▶ WORK TO COMPLETE
If you see a picture in the data below, omit it and copy the rest exactly.

▶ RECORDS PROVIDED
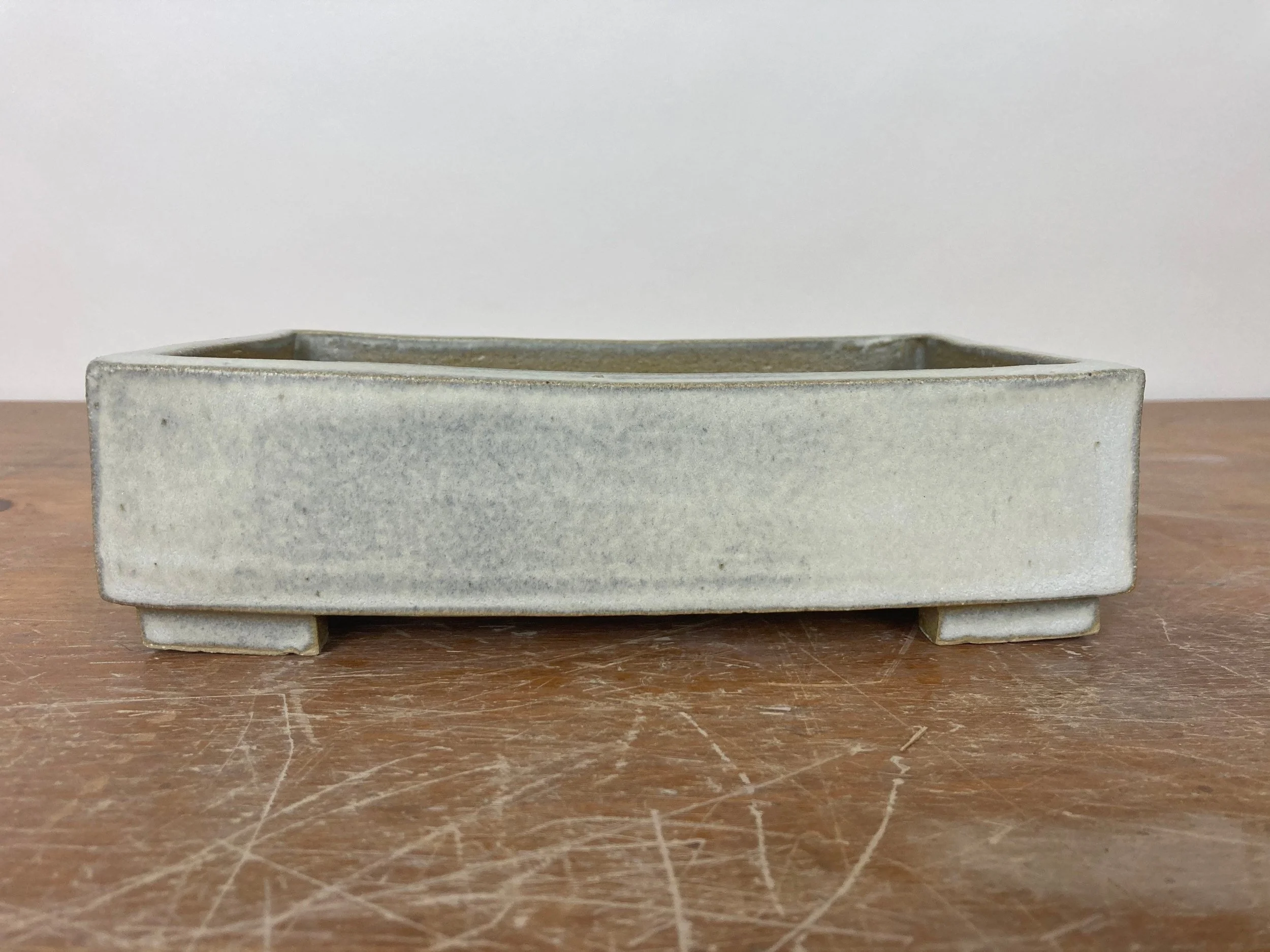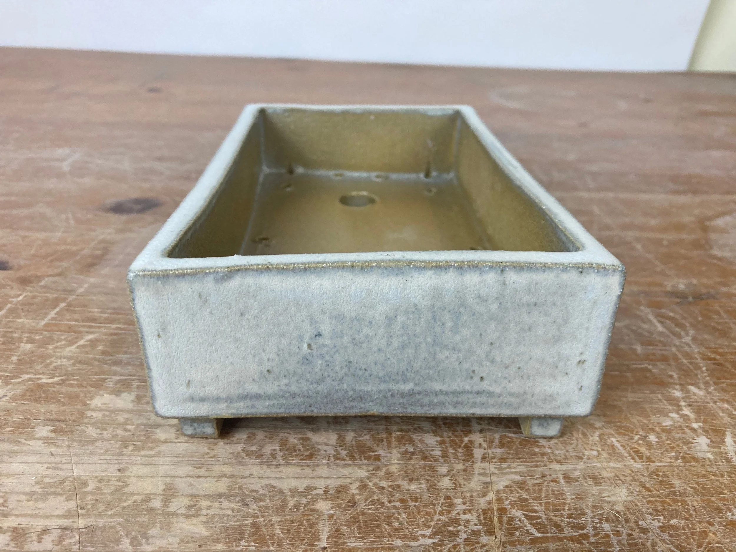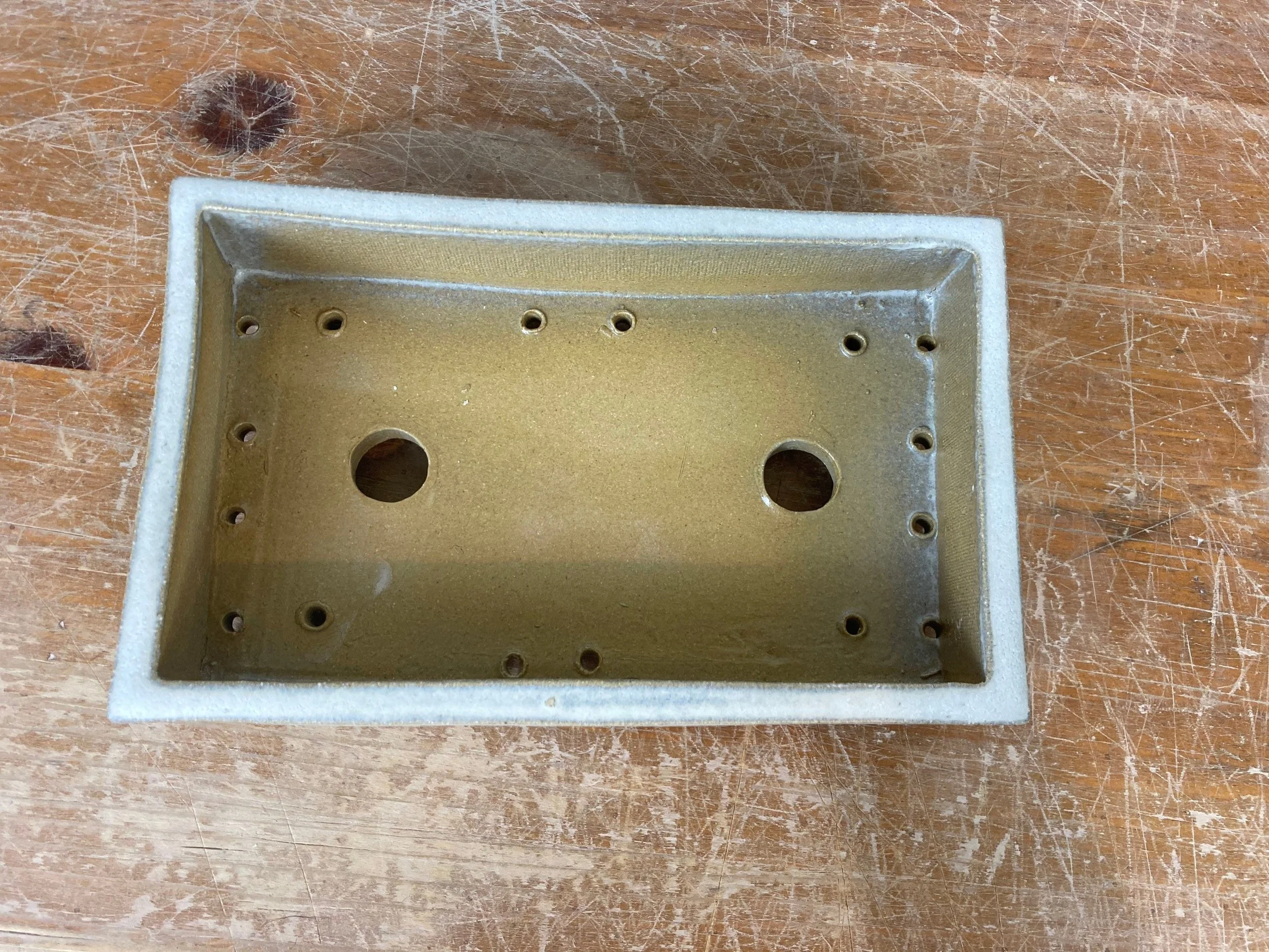 This pale white rectangular pot can be used for a small bonsai, kusamono or shitakusa or whatever you would like to plant in it. This little pot was high fired making it frost resistant and durable. It is 7.5 inches long, 4.75 inches wide and 2 inches tall on the outside. The planting area is 6.75 inches long, 4 inches wide, and 1.5 inches deep.
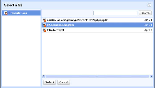 - Click on Choose the presentation button. This will open a window showing all your presentations you uploaded to your Google Docs.
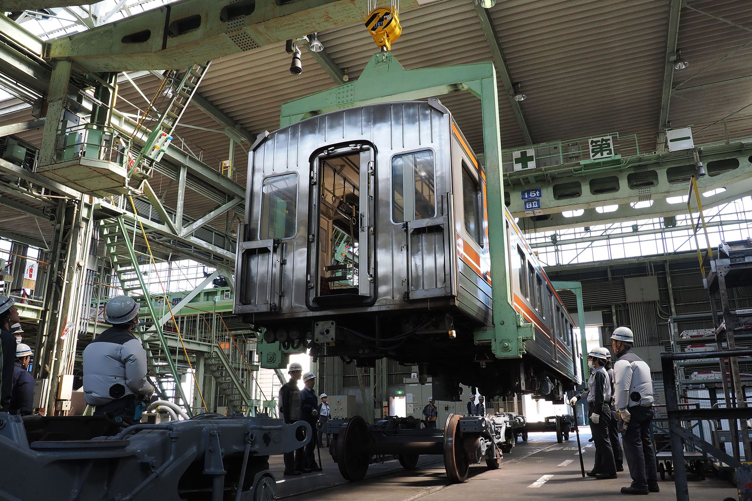 記事に戻る 大阪メトロ堺筋線「飛び地」にある車両基地の内側 阪急沿線、東吹田検車場ならではの作業とは?の写真一覧 下に画像が続きます クレーンで車体を吊り上げて台車上に下ろす「架台下ろし」(撮影:伊原薫) 5/30
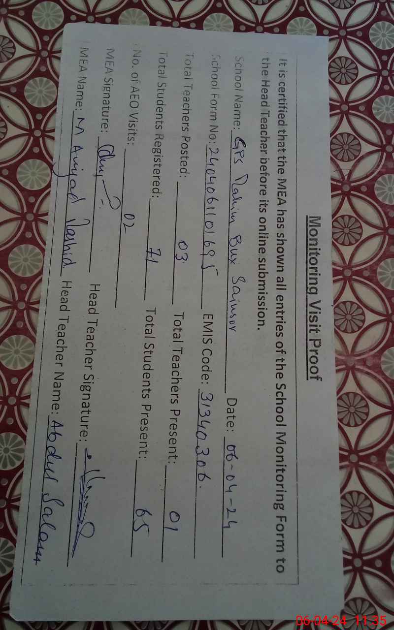 | Certified that this School was Inspected by the Undersigned MEA/DMO Today and the Information Stated Above is as Per Record. | |||||
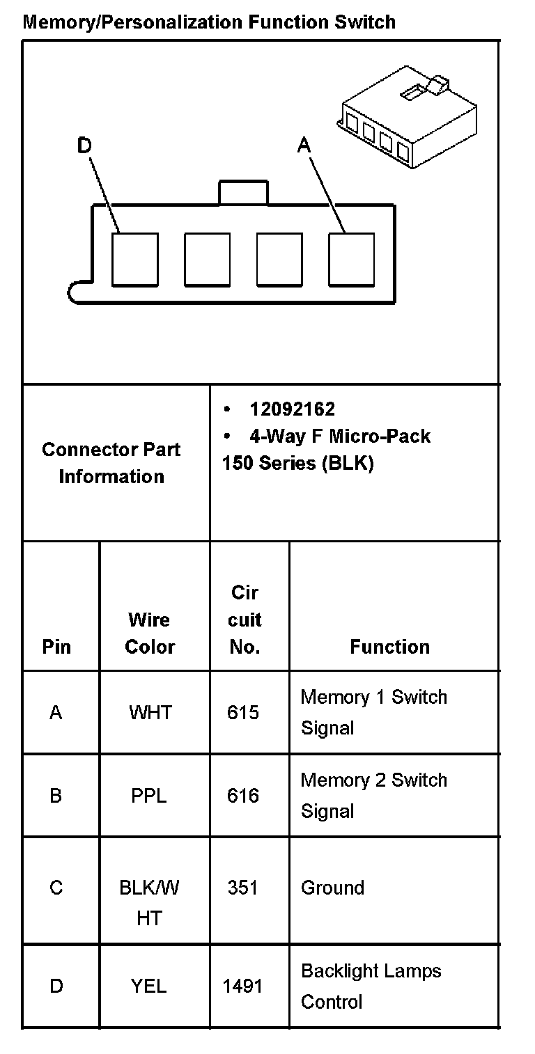 Memory/Personalization Function Switch:
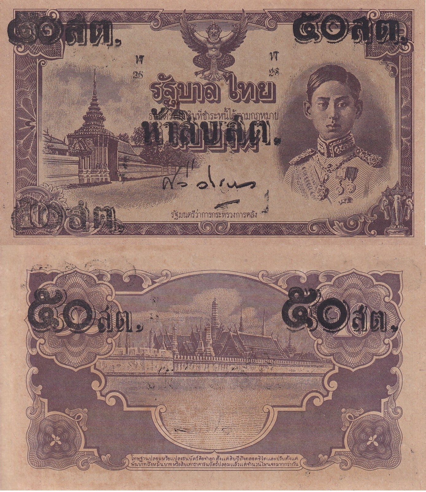 Thailand 50 Satang on 10 Baht ND 1946 P 62 AU-UNC Little Tone
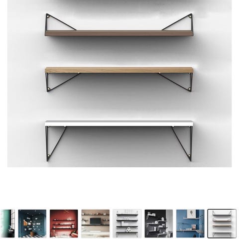 Setet består av två triangelformade konsoler som kan monteras på olika sätt för att bära en hyllskiva. Konsolerna är avsedda för väggmontering och passar som stöd till exempelvis bokhyllor eller prylhyllor i hemmet.
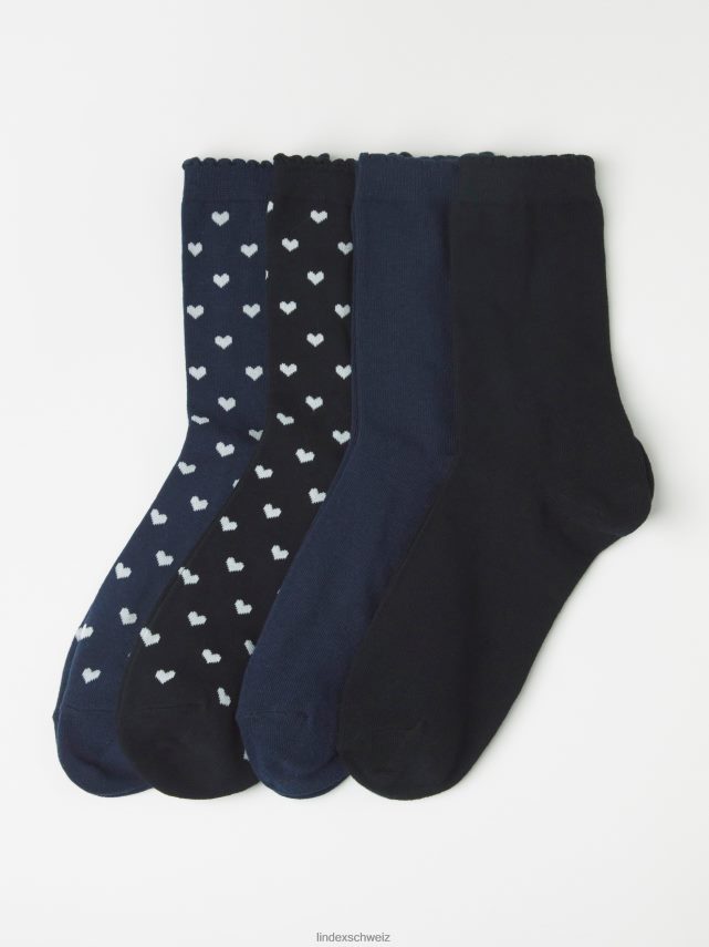 quatre paires de chaussettes en mélange de coton doux. deux paires de couleurs unies et deux avec un motif cœur intégral, toutes avec un joli ourlet à volants sur le dessus.

▶ SOLUTION FOR THIS TASK
 This pale white rectangular pot can be used for a small bonsai, kusamono or shitakusa or whatever you would like to plant in it. This little pot was high fired making it frost resistant and durable. It is 7.5 inches long, 4.75 inches wide and 2 inches tall on the outside. The planting area is 6.75 inches long, 4 inches wide, and 1.5 inches deep.
 - Click on Choose the presentation button. This will open a window showing all your presentations you uploaded to your Google Docs.
 記事に戻る 大阪メトロ堺筋線「飛び地」にある車両基地の内側 阪急沿線、東吹田検車場ならではの作業とは?の写真一覧 下に画像が続きます クレーンで車体を吊り上げて台車上に下ろす「架台下ろし」(撮影:伊原薫) 5/30
 | Certified that this School was Inspected by the Undersigned MEA/DMO Today and the Information Stated Above is as Per Record. | |||||
 Memory/Personalization Function Switch:
 Thailand 50 Satang on 10 Baht ND 1946 P 62 AU-UNC Little Tone
 Setet består av två triangelformade konsoler som kan monteras på olika sätt för att bära en hyllskiva. Konsolerna är avsedda för väggmontering och passar som stöd till exempelvis bokhyllor eller prylhyllor i hemmet.
 quatre paires de chaussettes en mélange de coton doux. deux paires de couleurs unies et deux avec un motif cœur intégral, toutes avec un joli ourlet à volants sur le dessus.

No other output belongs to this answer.